SECTION 2.10 Eligibility of Collateral Agent. The Collateral Agent
-------------------------------
shall always be a state or national bank or trust company in good standing,
organized under the laws of the United States of America or one of the States
thereof, having (or having a parent which has) a capital, surplus and undivided
profits (as shown by its latest financial statement published to its
shareholders) aggregating at least $100,000,000 if there be such a national bank
or trust company willing and able to accept such trust upon reasonable and
customary terms, provided that if such
--------
12
national bank or trust company's eligibility depends upon its parent having such
requisite capitalization, such parent shall provide a guarantee satisfactory in
form and substance to one or more Secured Parties' Representatives acting on
behalf of the Required Secured Parties of the obligations of such national bank
or trust company as Collateral Agent under the Financing Documents. In case at
any time the Collateral Agent shall cease to be eligible in accordance with the
provisions of this Section 2.10, the Collateral Agent shall resign immediately
in the manner and with the effect specified in Section 2.6.
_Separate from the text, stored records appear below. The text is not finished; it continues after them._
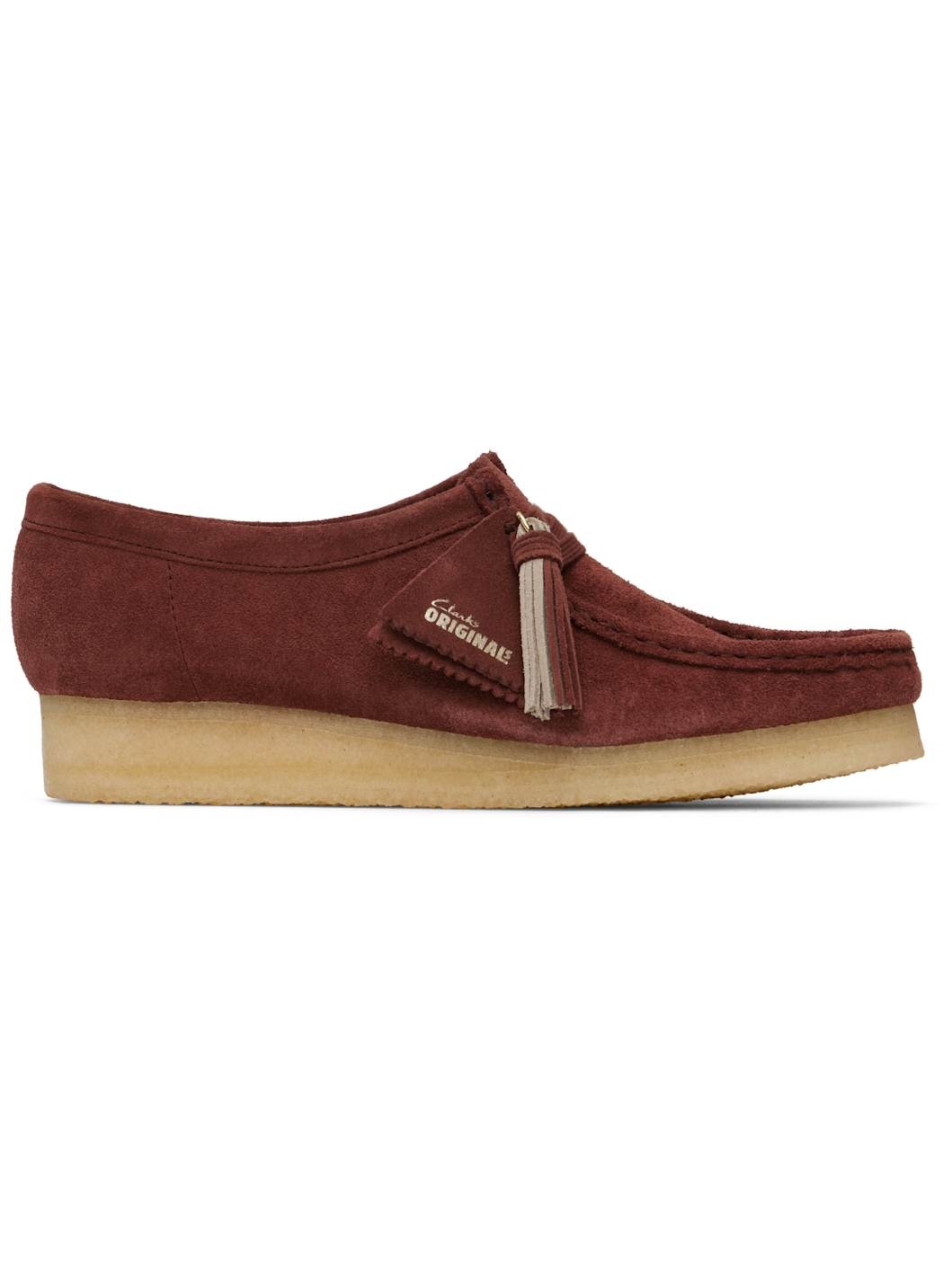 Suede derbys in burgundy. · Square moc toe · Logo tags and tassel at lace-up closure · Bellows tongue · Suede and grained leather lining · EVA rubber midsole · FSC-certified crepe rubber sole · Includes additional laces in red Supplier color: Deep red suede Upper: leather. Sole: rubber. Made in Viet Nam 242094F120005
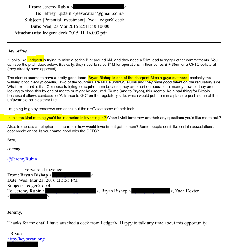 In 2015-2016 emails, Rubin introduced Epstein to LedgerX, a cryptocurrency derivatives platform co-founded by Paul and Juthica Chou, where Bishop had worked as an engineer. LedgerX aimed to become the first regulated Bitcoin options and futures trading platform under CFTC oversight.
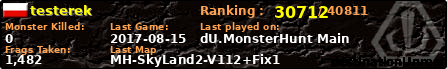 | Server | Map | LastGame | Score | Teamscore | Monsterleft | Deaths | Suicides | TKs | Distance | Playtime | |
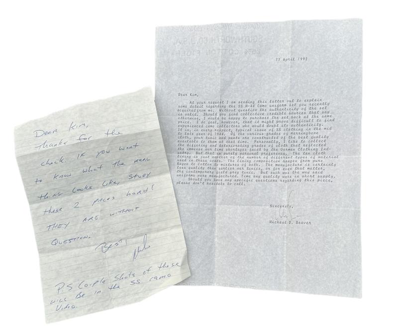 WaffenSS M44 DOT camo Tunic & Trousers (With Mike Beaver Letter of authenticity
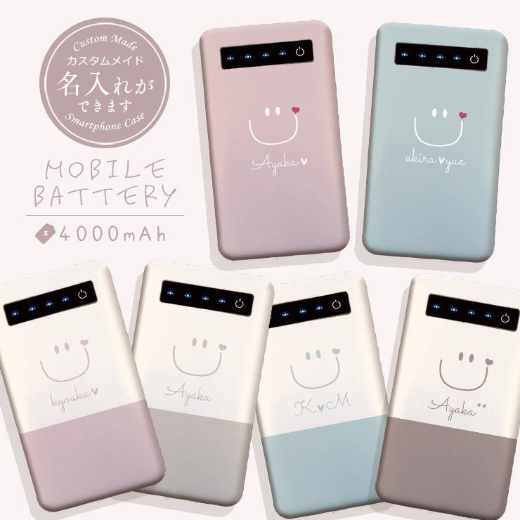 名入れ モバイルバッテリー 大容量 薄型 防災グッズ 4000mah Iphone スマホ 充電器 軽量 おしゃれ ペア ニコちゃん スマイル くすみカラー 韓国 大人可愛い Ordername Mb3 301 通販 Yahoo ショッピング

SECTION 2.11 Notices, Etc., Under Collateral, Etc. The Collateral
------------------------------------
Agent shall deliver to each Secured Parties' Representative, promptly upon
receipt thereof, duplicates or copies of all notices, requests and other
instruments given or received by the Collateral Agent under or pursuant to the
Security Documents.
SECTION 3.
SENIOR DEBT
SECTION 3.1 Obligations Pari Passu. Subject, in the case of Senior
----------------------
Debt other than the Loans, to the requirements of Section 3.2, all Obligations
shall be entitled to the benefits of this Agreement and the other Security
Documents and rank pari passu without any preference among Obligations by reason
----------
of date of incurrence or otherwise.
SECTION 3.2 Senior Debt. The Secured Parties' Representative for
-----------
any Senior Debt permitted by the Financing Documents shall become entitled to
the benefits of this Agreement (and such Senior Debt shall rank pari passu) upon
receipt by the Collateral Agent and each other Secured Parties' Representative
of (a) a certificate executed by an Authorized Representative of the Borrower
(i) identifying such Secured Parties' Representative and the maximum principal
amount of such Senior Debt and (ii) identifying the provisions of the Financing
Documents pursuant to which such Senior Debt is permitted and demonstrating
compliance with such provisions, (b) a certified copy of each agreement relating
to such Senior Debt, (c) a certified copy of a Senior Debt Supplement executed
by such holder and (d) an opinion of Skadden, Arps, Slate, Xxxxxxx & Xxxx LLP,
or other counsel satisfactory to the Collateral Agent, in form and substance
satisfactory to the Collateral Agent, that, subject to customary assumptions and
qualifications, the incurrence of such Senior Debt will not result in any
violation of or conflict with or constitute a default under any term of any
Financing Document. The requirements of this Section 3.2 shall not apply to the
Loans, which are Senior Debt for all purposes of this Agreement and the other
Security Documents.
13
SECTION 4.
DEFAULT PERIOD
SECTION 4.1 Default and Acceleration Notices. (a) A Default Notice
--------------------------------
or Acceleration Notice shall be effective upon receipt thereof by the Collateral
Agent. A Default Notice or Acceleration Notice, once effective, shall remain in
effect unless and until it is canceled as provided in Section 4.1(b).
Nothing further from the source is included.